Generator Films director Zach Math has received a lot of attention in this, his first full year as a commercial director. In addition to being a finalist at this year’s Saatchi & Saatchi/Playback First Cut Awards, he placed two spots, ‘Nerd Club’ and ‘Tiny Sparrow of Love,’ among this year’s 10 Top Spots. It was his work on ‘Tiny Sparrow’ that garnered him the highest grade among directors in this year’s competition.
Math’s campy brand of humor shines through in ‘Tiny Sparrow,’ a 60-second spot for the Sugar Mountain Confectionery Co. While giving a kitschy nod to Japanese culture, the spot tells the story of a very fake-looking red sparrow that delivers a candy from a young man in North America back home to his girlfriend overseas.
Math went to great lengths to make sure the job was handled correctly despite the low budget.

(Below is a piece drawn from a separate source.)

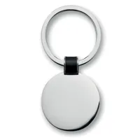 Kerek fém kulcstartó újrahasznosított PU-bőr betéttel.

He appreciated the creative from Ian Letts and Michael Gelfand (now at Ogilvy & Mather) as well as the client’s openness to his ideas.
‘Sugar Mountain is a very creative store,’ says Math. ‘It has a lot of wacky and kooky ideas. It was a natural progression for me to instill some of my bizarro sense of humor, which is an extension of what Sugar Mountain wants to express and be associated with. It wasn’t a spot that was about showing a product for 15 seconds. It was about doing something cool, and by association the product would be that.’
Math was so intrigued by the project that to ensure it would get made he took a pay cut, as did Toronto design and post shop TOPIX. Math put in a good deal of overtime with TOPIX inferno artist Dominik Bochenski working out the complicated backgrounds and F/X, including a breathtaking pullback from the window of the young man’s apartment to a wide aerial shot of the city.
‘The spot has very clean art direction, [set] in an out-there fantasy world, but at the same time there is a sort of homage to Japanese cinema that I really liked, and a bit of Eastern pacing to the whole thing,’ Math says. ‘It was more cinematic than flashy. That was the approach I took, to make it almost like a short film.’
Math’s Nerd Club, originally created as a spot for dentist Dr. Vladimir Pavezka but now airing as an ID for The Movie Network, is a spoof of the feature Fight Club, shot on a budget of only $5,000. Although the ad finished one spot ahead of ‘Tiny Sparrow’ in the overall Top Spots judging, Math hopes the latter commercial and the recent Shark Week cinema ad he shot for Discovery Channel will serve as a good indication of his directorial range heading into his sophomore year.
‘It will be cool if people look at [those two spots] and say, ‘He can do comedy that is wacky and out there, but he can also do cinema or dramatic ads that have a dark element to them,’ ‘ he says. ‘Being labeled can help you out in the short term and it can be a good business move, but in the long term I think it is important to develop and be known as someone who has really good creative solutions on the production end.’
In today’s highly competitive commercial market, a first-year director having the kind of success Math has enjoyed is nearly unheard of, but he remains humble.
‘When you are working with good people, it makes any experience a little richer and fuller,’ he says. ‘I’ve been able to work with good people on the agency and production sides, people who have wanted to make sure I’m nurtured and have the right support system around me, so it has been very positive.’